Uit de operawereld kwam bovendien de boodschap: ‘Als je musical gaat zingen, kun je een operacarrière vaarwel zeggen: slecht voor je stem, slecht voor je reputatie.’ „Casting directors zien een ‘musicalmeisje’ voor zich en gaan ervan uit dat je bepaalde dingen niet of minder kan. Terwijl ik meer klassiek zing dan musical.”
Andersom trof Rammeloo in cross-over-producties, waarbij opera en andere vormen van muziektheater elkaar ontmoeten, ook meer dan eens een regisseur „die wilde doordrukken dat het toch versterkt moest. Omdat mensen tegenwoordig gewend zijn om de muziek op zich afgevuurd te krijgen. Terwijl alleen al het ervaren van muziek op een akoestische manier zo’n meerwaarde is. Het is hetzelfde als met filters op Instagram. Men weet niet meer hoe een echte stem klinkt en wat de fysieke ervaring van zulke trillingen met je kan doen op een diep niveau. Daarvoor hoeft de klank niet flawless te zijn.”

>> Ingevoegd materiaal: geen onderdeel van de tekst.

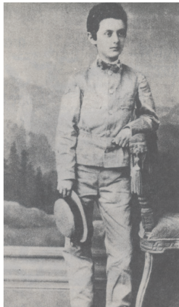
הילד תיאודור הרצל
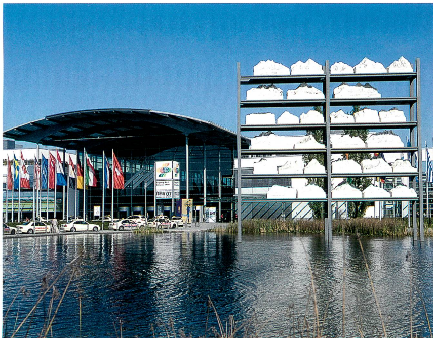
Eingang West mit Messesees; Foto: Alex Schelbert

«Munich is a location which is well-known. For me, Munich is the best location in Europe.»
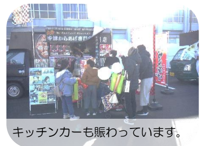
キッチンカーも賑わっています。
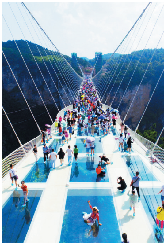
张家界大峡谷玻璃桥

悬崖栈道或是观看千尺奇峰,悬崖绝壁或是体验深谷涧壑,万丈深渊,险要处仅可容身。现在,不仅有先人留下的古栈道,还拥有许多方便游客欣赏风景的玻璃栈道。旅游过程中,有人喜欢追求刺激,所以那些超级恐怖的栈道就成为了大家的首选。那么,今天就为大家盘点国内最值得挑战的栈道,看看你敢去吗!
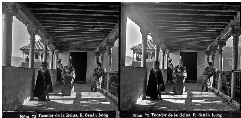
FIG. 4. Rafael Señán González. N.º 73: Tocador de la Reina, Alhambra, Granada . Circa 1905. Negativo de cristal al gelatinobromuro. Archivo Histórico del Palacio de Viana, Córdoba.

Alejándonos de la Alhambra, su estilo estereoscópico callejero se acentúa aún más. De hecho, en las tomas de otras localidades, da la sensación de que Señán utiliza la cámara
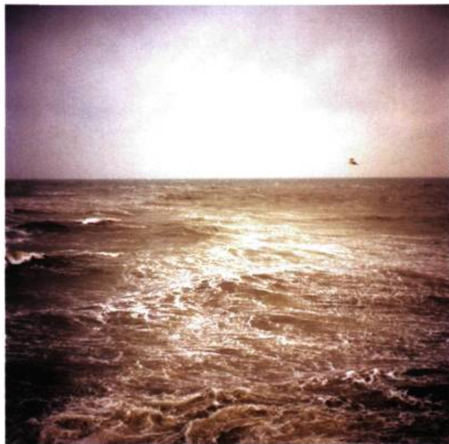
N44°10'19.7" – EO 28°39'55.9"
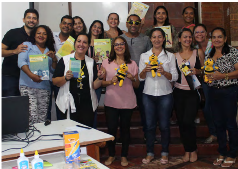
Habilitação dos professores de Paragominas na metodologia do Programa A União Faz a Vida.

O avanço digital foi um dos principais pontos de desenvolvimento neste ano. A necessidade de se reinventar em pouco tempo trouxe muitos avanços para os canais e acelerou a digitalização do Sicredi e das pessoas. Isso fortaleceu o modelo de negócios fisital, uma nova realidade que mistura ambientes remotos e digitais com espaços físicos para encontros presenciais. O fisital faz parte do conceito que consiste na entrega da mesma experiência em diferentes pontos de contato com o associado.
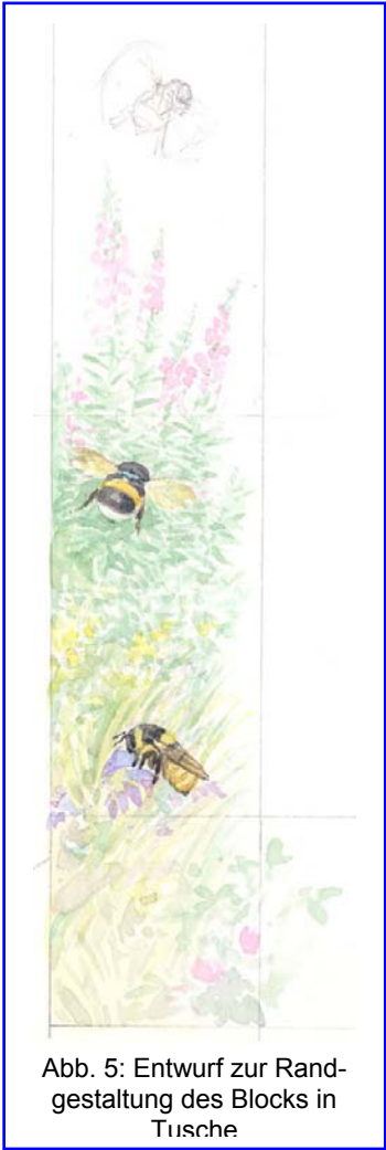
Abb. 5: Entwurf zur Randgestaltung des Blocks in Tusche
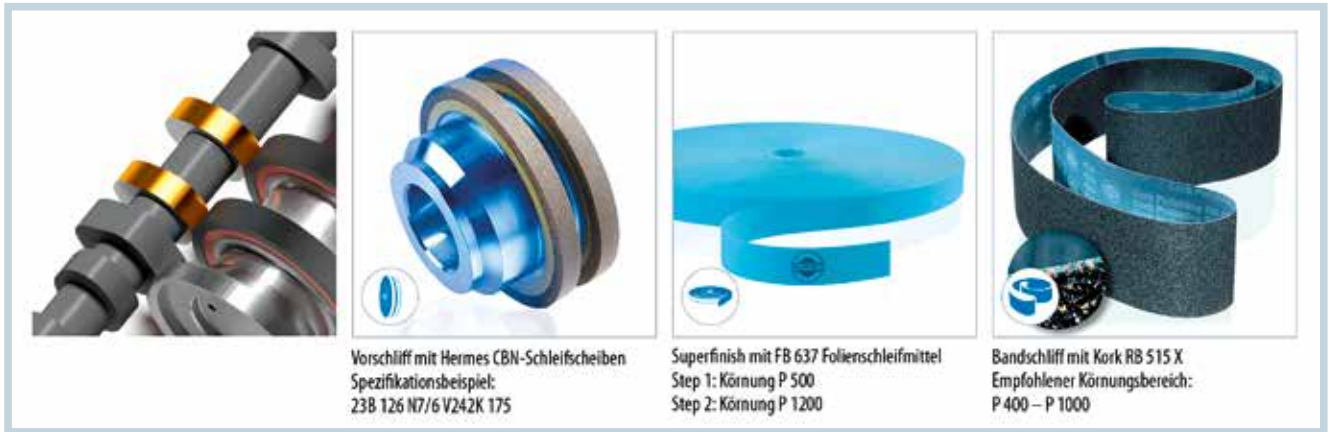
4 Hermes-Lösung für die Schleif- und Finishbearbeitung von Nockenwellen mit Schleifolie oder im CAB-Verfahren

CBN-Werkzeuge wirtschaftlich sein; dann ist immer eine bedarfsgerechte Werkzeugauslegung erforderlich. Progressive Schleifmittelhersteller berücksichtigen das, indem sie stets individuelle Werkzeuge gemäß der Schleifaufgaben ihrer Kunden fertigen.
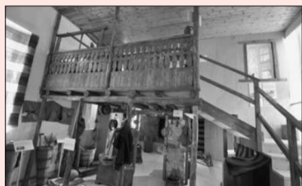
Η θέα μπαίνοντας στη μικρή αίθουσα του σχολείου.

Φέτος το καλοκαίρι εγκαινιάσαμε και το Λαογραφικό μας Μουσείο στο Σχολείο. Ήταν μεγάλη στιγμή για το Σύλλογο. Ήταν η εκπλήρωση προσδοκιών πολλών χρόνων. Εδώ πρέπει να
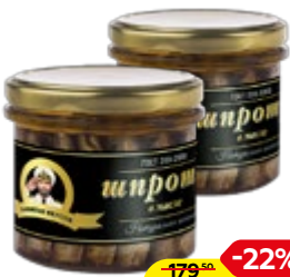
Шпроты КАПИТАН ВКУСОВ в масле, 250 г

In de Nederlandse operawereld ziet ze een voorzichtige kentering in de houding tegenover musical en cross-over. „Omdat het klassieke publiek terugloopt, proberen ze nieuw publiek aan te boren. Supergoed. Maar het voelt soms een beetje als een moetje. Zo van: ‘Ik heb al een Mozart-opera, ik heb een moderne opera, laat ik nou ook een toegankelijke opera programmeren. En daar zetten we dan de mindere goden in.’ In Amerika en Duitsland is dat anders, daar bestaan opera en musical veel meer naast elkaar.”
Lees ook
‘Lady in the Dark’ is een verrukkelijke, veel te onbekende ‘Broadway-opera’
Cross-over-voorstellingen hebben in Rammeloos ogen juist veel potentie om een nieuw operapubliek te bereiken. „Rammeloo heeft de rol van haar leven als Liza Elliott”, schreef deze krant in 2022 over haar hoofdrol bij Opera Zuid in Kurt Weills musical Lady in the Dark uit 1941. „Die voorstelling sprak zo’n groot publiek aan: musicalpubliek, operapubliek, mensen die nog nooit van Kurt Weill hadden gehoord, mensen die meer van de theaterkant kwamen. Alle voorstellingen zaten afgeladen vol. Het was de Opera van het Jaar [de verkiezing van opera-website Place de l’Opera]. En het werd echt gemaakt vanuit liefde voor het genre.
„Die oude musicals hebben hun wortels in de klassieke muziek. Ze zijn net als opera ook geschreven om onversterkt over een orkest heen te zingen. Ik denk dat musical een goede gateway naar opera is voor mensen die die muziek fijn vinden: de melodieën, de melancholie, de romantiek. Dat ze denken: O wacht, dat ligt in het verlengde van elkaar. Dan kan ik misschien ook eens een keer luisteren naar een Puccini-aria.”
Het album Longing to be Loved verschijnt op 27 april. Liedcyclus ‘December Songs’ van Maury Yeston (1945) en musicalnummers van onder meer Gershwin, Berlin, Bernstein en Weill.